Чаз хорошо помнил ту сцену в помещении клуба старших классов. С каникул, проведенных у бабушки, Клив приволок в школу фляжку с виски и в тот вечер то и дело прикладывался к ней. С каждым глотком он делался все самонадеяннее, все шумнее и агрессивнее. Он нуждался во всеобщем внимании. Сначала Клив принялся похваляться татуировкой, которую нанес в эти каникулы на внутреннюю сторону руки. Он во всеуслышание повествовал об этом подвиге, совершенном с помощью перочинного ножа и чернил, однако, поскольку эта повесть оказалась недостаточно захватывающей, Клив решил потешить публику и совершить очередной акт самоистязания у всех на глазах. Очевидно, он приготовился заранее, ведь специальную иглу, какой пользуются обойщики мебели, не найдешь в обычном школьном рюкзаке. Клив вытащил иглу и, даже не поморщившись, проткнул разом и кожу, и плоть. Чаз видел, как толстая изогнутая игла пробуравила отверстие в мочке уха и вышла с другой стороны. Вот уж не думал, что ухо будет так кровоточить. Одна девчонка грохнулась в обморок, двум другим стало дурно, а Клив знай себе улыбался, точно малость не в себе.

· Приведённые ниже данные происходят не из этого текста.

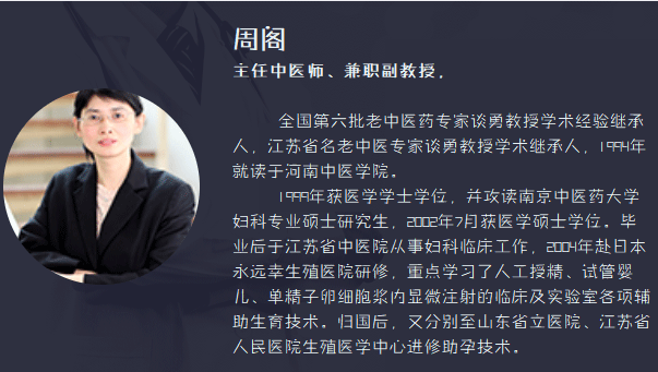 周阁是江苏省中医院生殖医学中心的副主任医师与主任中医师,兼任副教授。他是全国第六批老中医药专家谈勇教授学术经验的继承人,也是江苏省名老中医专家谈勇教授的学术传承者。此外,他还担任江苏省中西医结合生殖医学学会的秘书,并担任全国中西医结合生殖医学学会的青年委员,以及江苏省医学会妇产科分会内分泌学组的成员。
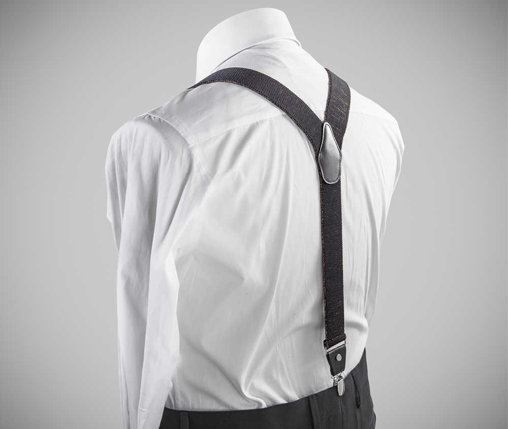 "Brilliant, adjustable-size braces, 35mm width, realised in exquisite, resilient solid black material, with a sparkling gold-colour finishing. Metal chrome clip and leather-strap button fasten, included."
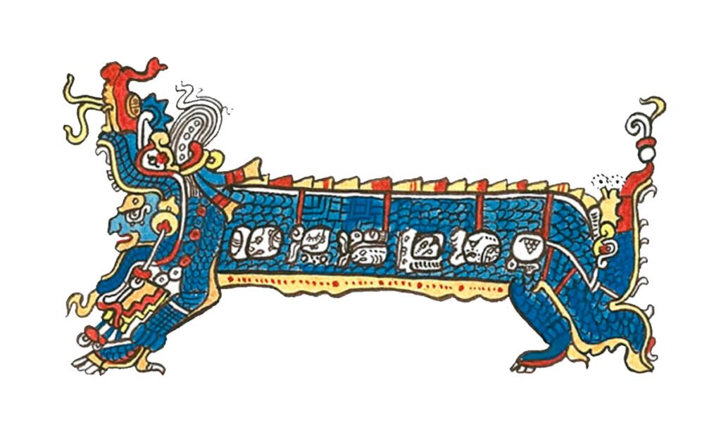 Itzamna is closely associated with the Principal Bird Deity, a transformative shape that symbolizes time and the cyclic nature of existence. This bird-like figure is often depicted holding a bicephalous snake, which represents the cyclical nature of time and life. The Principal Bird Deity signifies the eternal cycle of creation and destruction, highlighting Itzamna’s role in the ongoing process of cosmic renewal and transformation.

– Ну как, нравится? – Отвернувшись от зеркала, Клив предложил соседу полюбоваться на свою работу – растрепанный парик, черные гниющие зубы, под правым глазом кожа потрескалась и словно нагноилась, специальные вставки распялили ноздри, обнажив внутреннюю структуру носа. – Это будет получше твоего Гамлета-гомика, Квилтер, верно?
С этим спорить не приходилось. Чаз выбрал образ Гамлета по одной-единственной причине: под Гамлета было легче всего загримироваться. Его светлые волосы вполне годились для датского принца, и в свою гримировку Чаз не вложил ни таланта, ни умения. Ему было все равно– это занятие ничего для него не значило. Все утратило для него смысл в последние месяцы.
Клив подпрыгивал перед ним, разминая ноги, как боксер перед схваткой.
– Ну же, Квилтер, скажи! При виде такого страшилища все пташки в «Галатея-хаус» попадают– а уж тогда! – И он вызывающе задвигал тазом, намекая на дальнейшие события. – Проделать это с пташкой, когда она лежит без чувств, смахивает на некрофилию. Это самый кайф, Квилтер – впрочем, тебе это знакомо, верно?
Чаз даже не вслушивался в его слова, лишь с удовлетворением отметил, что Клив, по крайней мере, не обращается к нему по имени, что его фамильярность не зашла пока так далеко. Это казалось утешительным признаком, словно, вопреки всему случившемуся, для него еще не все было потеряно.
– Эй, я должен красться, как страшное привидение! – И Клив закружил по комнате, ныряя под уставленные коробочками с гримом столы, заглядывая исподтишка в зеркала, потом подхватил передвижную вешалку с костюмами и принялся быстро перебирать их.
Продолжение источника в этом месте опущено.